As CompositePro states one battery system (not connected to charging system voltage) will not significantly change the chemical state of charge BUT, below is the issue..

quote from Alber and same statement made in C & D Technologies and other battery manufacturer white papers..

Note: quote 1 from Alber : The cell’s electrical makeup also includes a huge capacitor, which is shown in the simplified electrical model in Figure 2. The typical value of the capacitor is 1.5 farads per 100 ampere-hour of cell capacity.

quote 2 from C & D Technololgies "Capacitor value is substantial 1.3 to 1.7 Farad per 100 ampere hours of battery rating"
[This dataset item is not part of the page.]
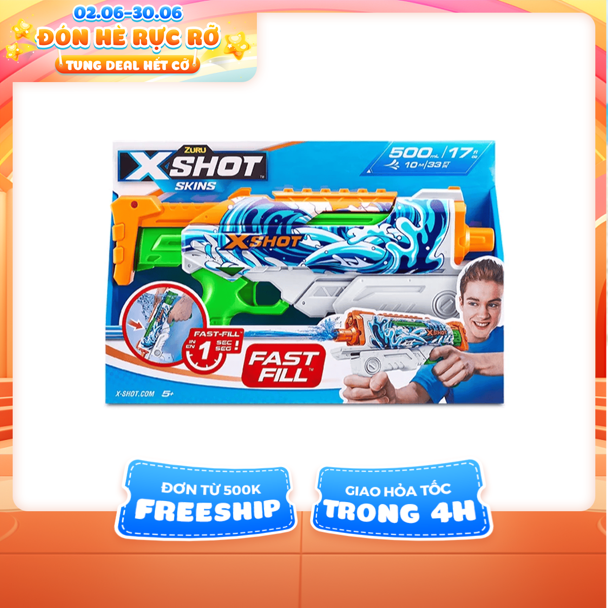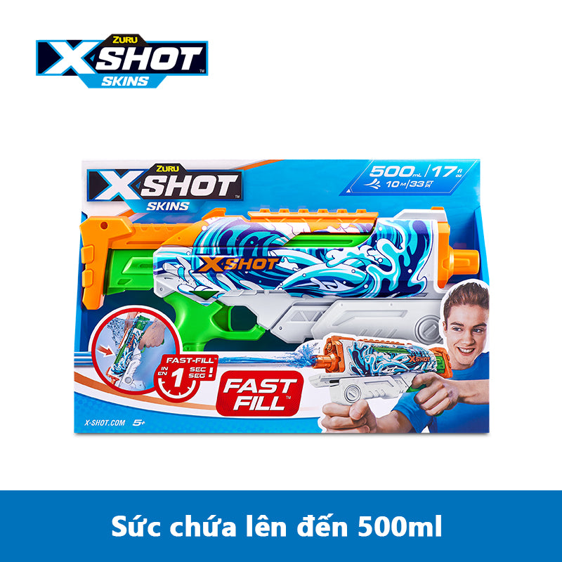 - NẠP NƯỚC NHANH: X11854A thuộc dòng FAST-FILL của Xshot, đây là dòng đồ chơi phun nước nạp đầy nhanh nhất từng được tạo ra, cho phép nạp đầy chỉ trong 1 giây và quay lại cuộc chiến nước nhanh hơn đối thủ của mình rất nhiều

The stored equivalent capacitor energy in a good battery system can be enormous and when connecting two battery systems is best for those two systems to be floating at the same voltage.

 

[marks1080]

DanEE: Great info. Very relevant to my situation. Thanks so much!

 

[Compositepro]

In my experience with lead acid batteries there has never been any concern in paralleling two bateries regardless of state of charge. Dead batteries have high resistance and as they charge their voltage rises rapidly, so the voltage difference with another battery becomes small. Paralleling batteries is commonly done without incident.

 

[itsmoked]

Right up until one cell of one battery shorts..

Keith Cress
kcress -

http://www.flaminsystems.com

 

[davidbeach]

My experience with Flooded Lead-Acid batteries is that an open cell is far more likely than a shorted cell. Other types may have other predominate failure modes but no other type is appropriate for the application.

 

[ScottyUK]

Flooded NiCad is technically fine for the application, but economics weighs in favour of flooded lead-acid at least in terms of initial cost.

 

[itsmoked]

Interesting david. My experience is the exact opposite. I've never seen a open failure only shorts.

Keith Cress
kcress -

http://www.flaminsystems.com

 

[davidbeach]

Are you saying that flooded NiCads don't have the memory problem that sealed NiCads do?

 

[DanEE]

Personally, I can't see any reason why I wouldn't be able to do this, but when I talk about it, it makes some of the 'higher-ups' nervous. The specific benefit for my job would be drastically reduced outages at this station, which is quite large and feeds the better part of a large city.

One last comment I wanted to make regarding the above ... On a job of this magnitude, the words we used to management was always "you need to prepare on the presumption the system will go down" as there is always the possibility of the unforeseen problem. Most importantly, it gives them the opportunity to put in place any necessary contingency plans, chose least disruptive time frame to do the work, and most importantly makes them inescapably responsible for the decision to proceed on the plan, given any potential risks. That includes making sure they know this is a job that should be done by experienced DC plant people who have done this type of hot work before and not by someone neither trained or with experience in this type of work, trying to save a few dollars.